夜深了,藍翔醫院。
洛鄞推開病房的門時,蘇千殷正靠在床頭看電視,聽到聲音,微微側頭:“付良澄讓你來的嗎?”
洛鄞點點頭,走到床邊,把兩本還未拆封的漫畫遞給她。
封面是紫紅色的,書名是三個蒼白扭曲的大字。
夜憂店。
而在書名的下方,畫著一個長相美豔的女人,上半身探出海面,下半身沉進海裡,腳邊是一堆骷髏頭。
蘇千殷撕掉外面的包裝膜,翻開第一冊漫畫,剛入眼就是一張血腥陰暗的圖片,她輕笑道:“謝謝。
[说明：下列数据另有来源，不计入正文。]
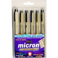Quick ViewDrawing Pens- This is a set of 6 assorted pens with varying nib sizes in black colour ( 0.2 mm, 0.25 mm, 0.3 mm, 0.35 mm, 0.45 mm and 0.5 mm). These are chemically stable, waterproof, and fade resistant. It ensures no smears /feathers, or bleed-through on most papers.
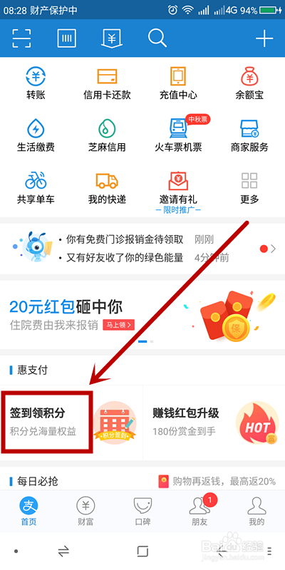 在付出宝首页找到“惠付出”项面前目今的“签到领积分”并单击
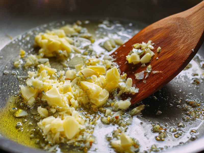 Step 3: Melt the butter with olive oil and cook the garlic briefly.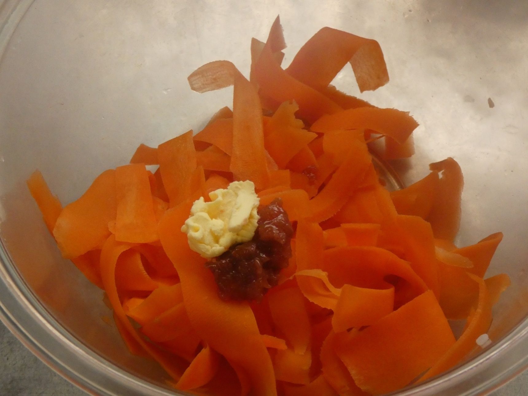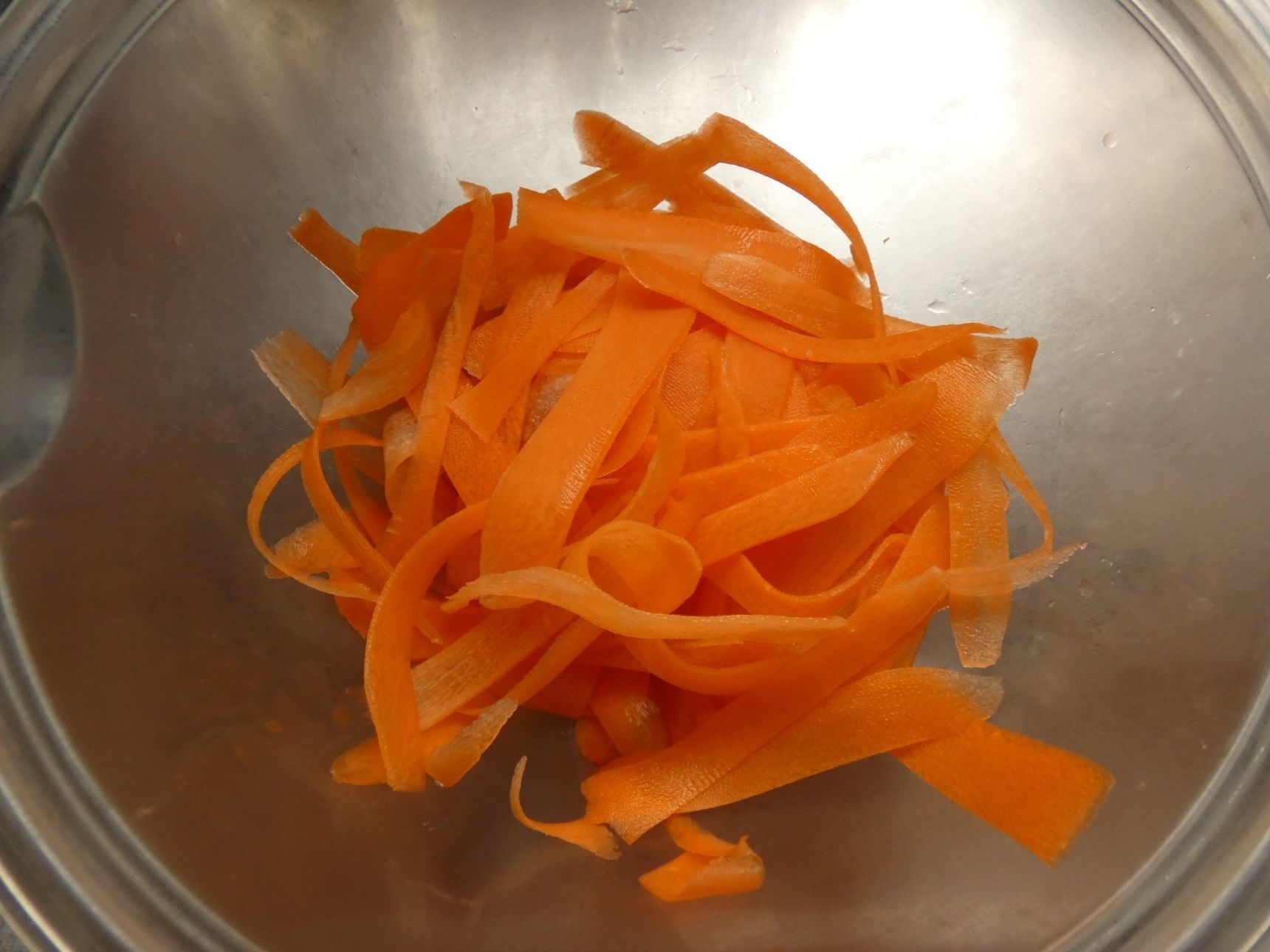 梅干しは種を取り除いて細かく切ります。にんじんはピーラーで薄く切ります。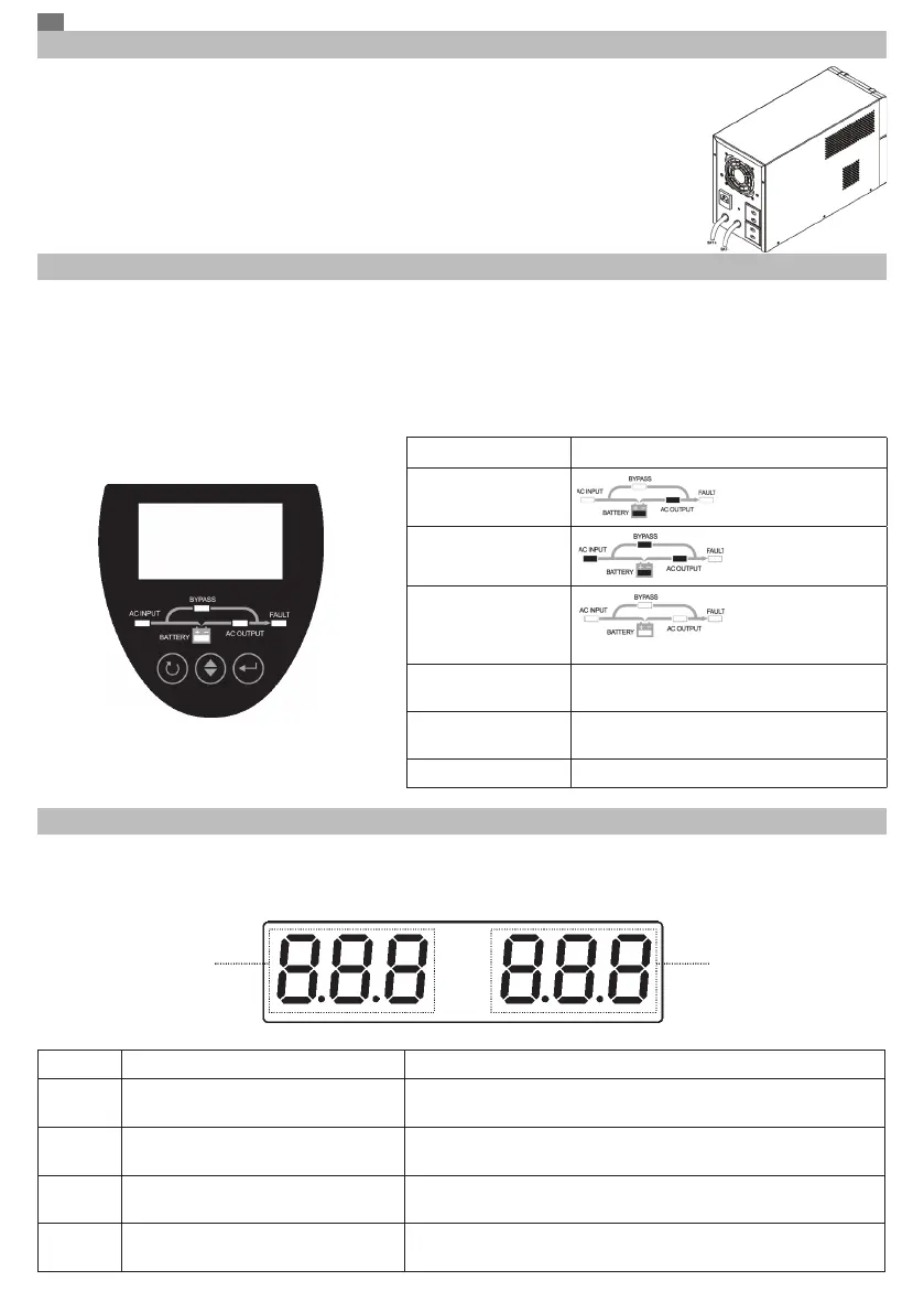 Panoul frontal contine un ecran LCD si cateva indicatoare LED ce arata modul de functionare a dispozitivului.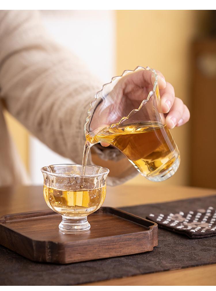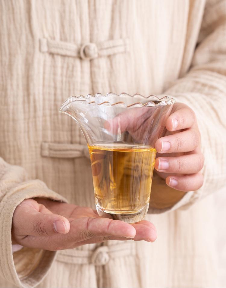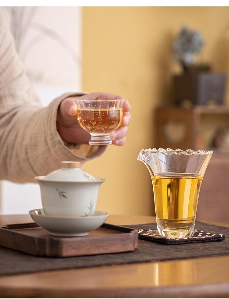 Taza de té de vidrio de borosilicato de alta calidad, taza de té de mar resistente a altas temperaturas, taza pública, dispensador de té de pequeña capacidad con boca de flor de garbanzo transparente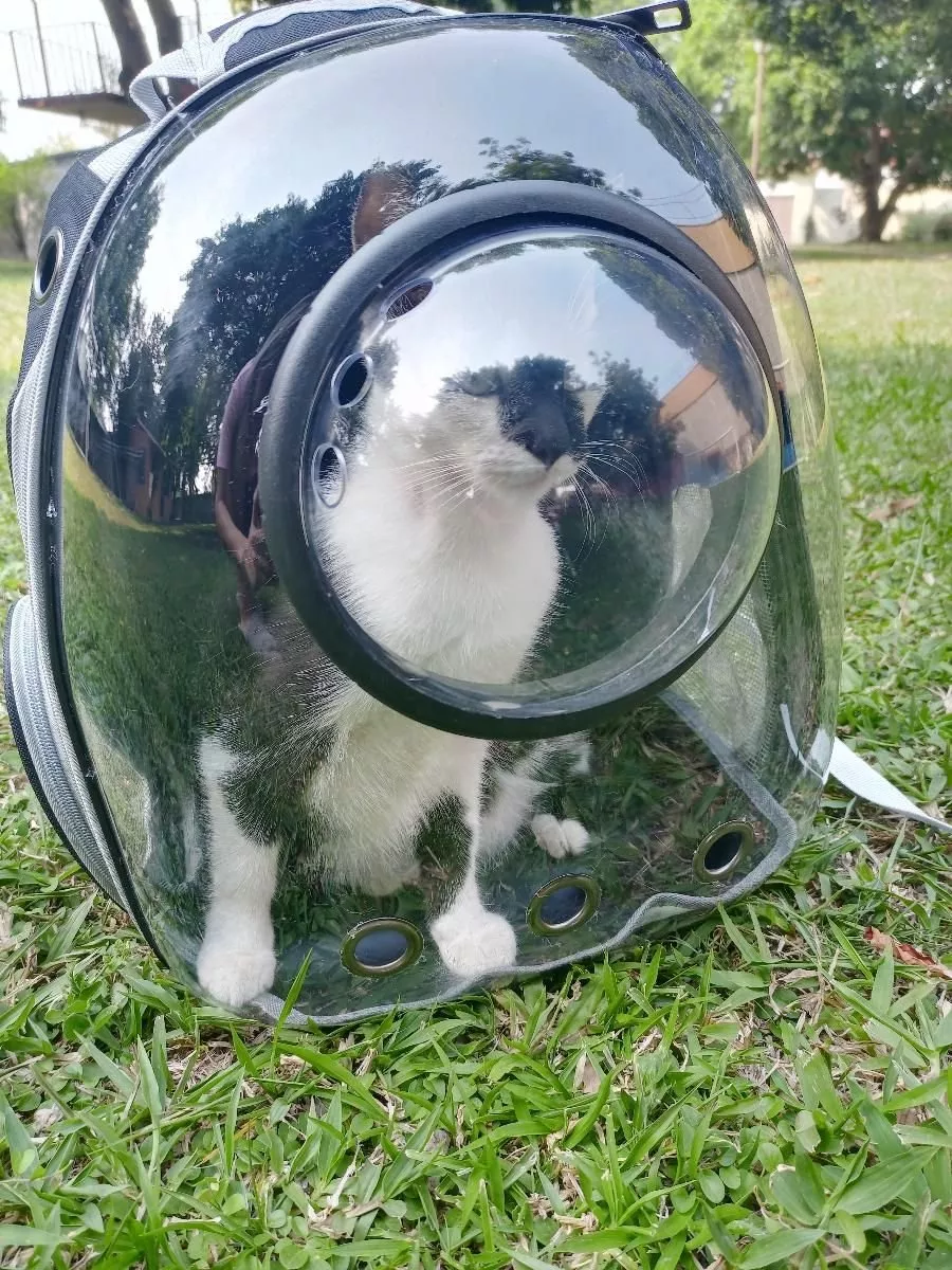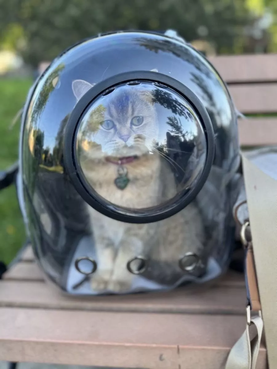 I love this cat backpack! The transparent design allows my cat to see their surroundings, which keeps them entertained and less anxious. The ventilation is top-notch, ensuring my cat stays comfortable and cool. The backpack is very sturdy and well-made, with padded straps that make it easy to carry. It’s stylish and I receive compliments on it all the time. It’s perfect for vet visits, walks, or just taking my cat out for some fresh air. My cat seems to enjoy being inside and feels secure. This backpack has made our outings much more enjoyable. I highly recommend it to any cat owner.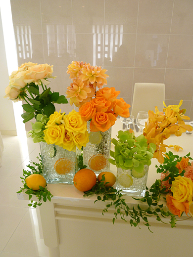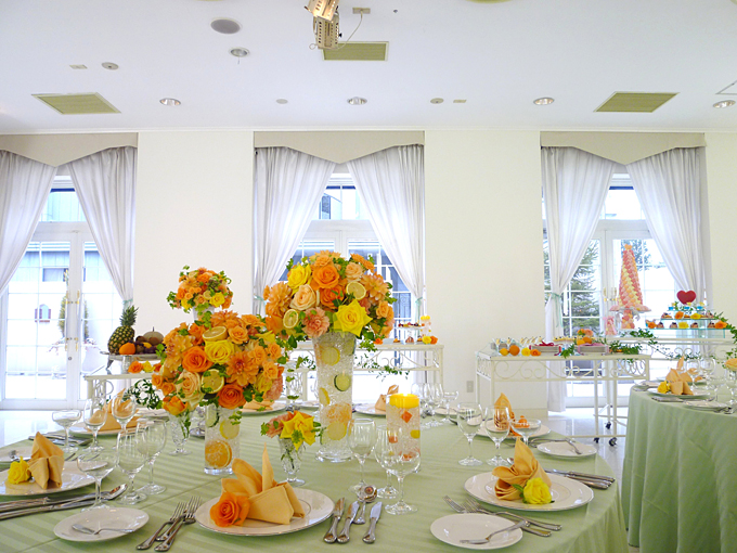 キュートで元気いっぱいのビタミンカラーの花々を使い、 フルーツとコラボレーションしました。 真っ白な会場に、色とりどりの色彩がはえて 陽気で明るく、見ているだけで楽しいパーティーが想像出来ます。 ガラス花器にいれたゼリーの演出効果が、 デザートのようなイメージにもコーディネート出来ました。

”
這樣的畫風她很滿意。
洛鄞原本想低個頭,但是考慮到自己膽子不大,還是忍住了好奇,畢竟不久前李瑞在警局裡尖叫的場面,他現在還記得。
“還有個事。”
他轉過身,慢步走到門口,“付隊讓我轉告你,晚上盡量不要熬夜,不要偷溜出醫院,學校那邊幫你請好假了,這幾天你該吃該睡,別操心有的沒的。”
蘇千殷把撕掉的包裝膜揉成一團,丟進床下的垃圾桶。
這是左恩沐今天來查房時,順便給她帶過來的,之前這裡連個丟垃圾的地方都沒有。
“那你也幫我回他一句話。”
蘇千殷雙手相交,用力撐到頭上,伸了個腰,“沈斯澤的案子要是破了,讓他給我打個電話。”
“好。”
洛鄞退出房門,手還搭在門把上,“今晚比較悶,門要幫你關上嗎?”
蘇千殷淡定地低頭,拇指壓在漫畫一頁的邊角:“關吧。”
洛鄞不再說話,立刻把門關好。
蘇千殷並不是喜歡恐怖漫畫,她更在意的是這個漫畫家的畫風,帶給她的嚴謹和優美。
沉羔寄雪,是這個漫畫家的筆名。
他已經畫了二十幾年的漫畫,蘇千殷從六歲開始,就一直去圖書館借他的漫畫看。
沉羔寄雪以前畫的漫畫,並沒有這種重口味血腥的圖片,反而是溫柔舒暢的感情故事。
但是在蘇千殷十六歲時,他沉寂了很長一段時間,沒有再畫過東西,直到今年重回大眾視野中,卻帶來了一款恐怖作品。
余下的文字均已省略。